My backyard fence still lies flat since Wilma The Bitch knocked it down.
Of all my faults and imperfections, one of the things I'd fix if I could was the fact that I've never been the handy man's man type. I never had a father figure that was handy around the house, and so I never learned any household repair type stuff. Ditto for auto maintenance. I really suck. It brings me down.

Actually I've been very down lately, a result of various variables, most prominent the change in my meds. I just fucking hate everything and everybody and am more irritable than a body has a right too. I feel so empty. It's fucking nauseating.
I feel like I'm sitting in a dark room, and the light switch is sitting right there on the wall, but I just don't know how to stand up and switch it on...

Thursday, November 3, 2005

November already...

Yesterday I turned on the power surge thingy that my computer is plugged into, and I heard an audible POP and I saw a small but definite flash and voila, no computer.
It's always something, aint it?

So things are pretty normal at this point after Fucking Wilma, but there are still a lot of traffic lights out and a LOT of trees and other debris line the sides of the roads.
It aint pretty.

Aside from that, I really have nothing to say.
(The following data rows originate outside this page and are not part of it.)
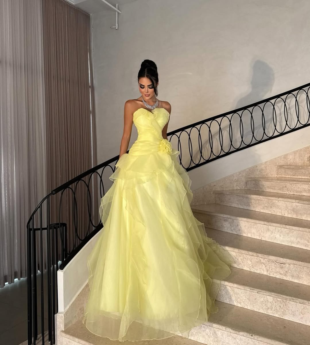 اكتشفي فستان سهرة أصفر ملكي بتصميم فاخر من التول الناعم، مثالي لمناسباتك الخاصة كالأعراس والخطوبة.
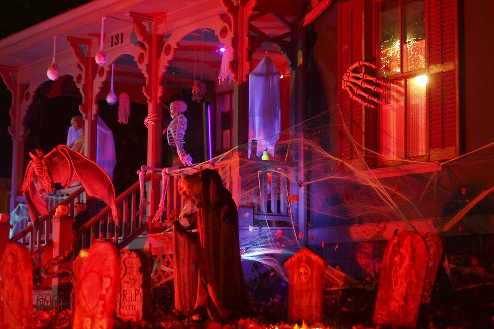 The creepier and scarier it looks, the better. Throw cobwebs, broomsticks and skulls up until it looks like the set of the “The Addams Family”.
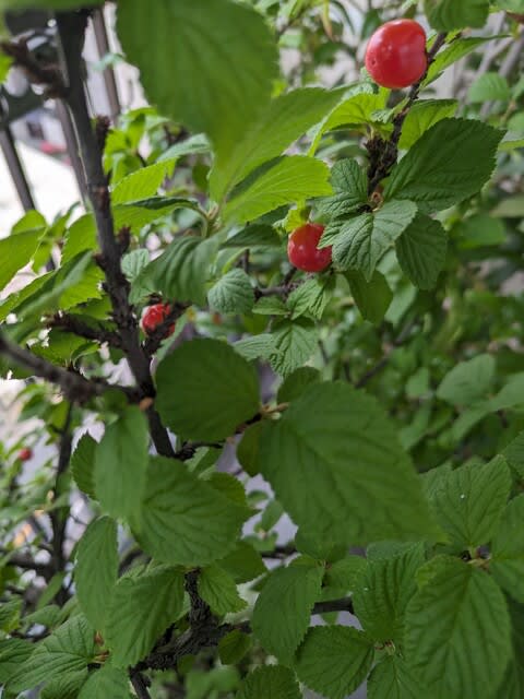 2024-05-20 山桜桃梅の実がなった。 日記 桜より少し早い3月に咲いて、5月で実になる。今年は花も減ったが、実になるのも少なかった。そろそろ鉢植えなので土替えをする必要があるのかもしれない。カメムシの死骸があったので根から吸収する殺虫剤(アース製薬のオールスター)を撒いてみた。すでに実にはカメムシに吸われた傷があったので少しは効果を期待したが、その後の一週間で一匹の死骸しかなかった。まあカメムシへの殺虫効果は記載されていなかったので当然なのだがただ実は雀が今年も食べていて、早々に回収しなければならない。
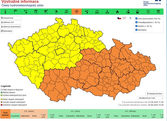 Varování pro oblast Zlínského kraje vejde v platnost dnes v poledne a potrvá až do půlnoci. „Očekává se výskyt velmi silných bouřek doprovázených většími kroupami kolem 3 centimetrů a nárazy větru kolem 90 kilometrů za hodinu, v menší míře i přívalovými srážkami kolem 40 milimetrů,“ stojí ve vydané výstraze.
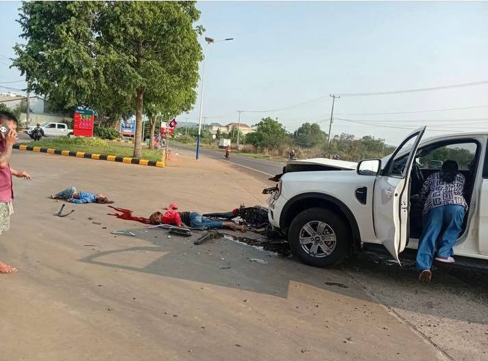 គ្រោះថ្នាក់ចរាចរណ៍ រវាងរថយន្តមួយគ្រឿង និងម៉ូតូ នៅក្រុងសែនមនោរម្យ បណ្តាលឱ្យយុវជន ២នាក់ ស្លាប់ភ្លាមៗ
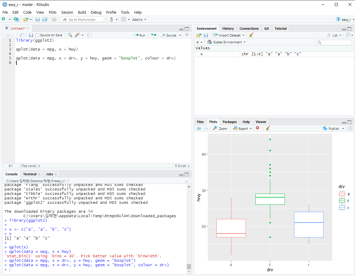 진짜 신기한건 script 창에다 install.package("ggplot2") 라고 치면 알아서 패키지를 다운받아온다.
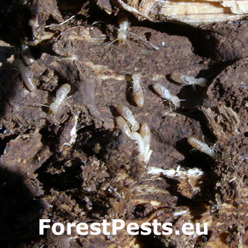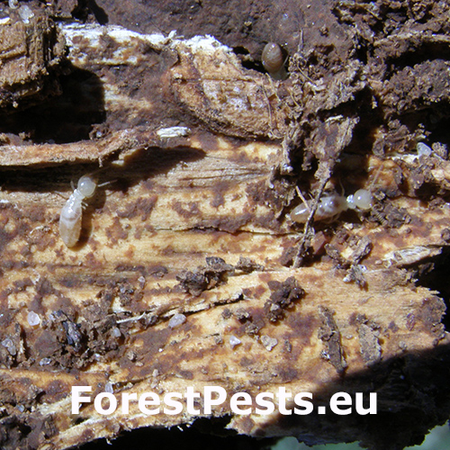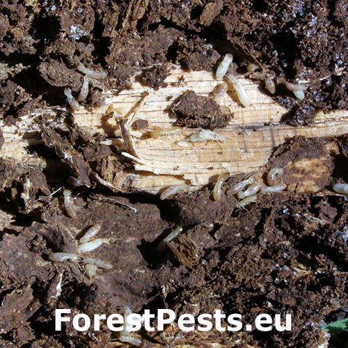 In Europe, there are other related species, such as Kalotermes flavicollis (family Kalotermitidae) and Reticulitermes grassei (family Rhinotermitidae).

Dolphins aint exactly setting the world on fire.

I'm listening to Coheed and Cambria's The Second Stage Turbine Blade, which if I understand correctly is a rerelease of their first CD. So far it isn't as cool as IV, but I hope it grows onme like that one did.

Something I am really digging is Avenge Sevenfold's City Of Evil!.
God damn it, can you say double guitar!?!
Probably some of the coolest dual axing since Iron Maiden and Helloween!
With their Good Charlotte-ish looks, I'm sorry I ever judged these guys by their "cover". They freaking rock!

OK, back to work...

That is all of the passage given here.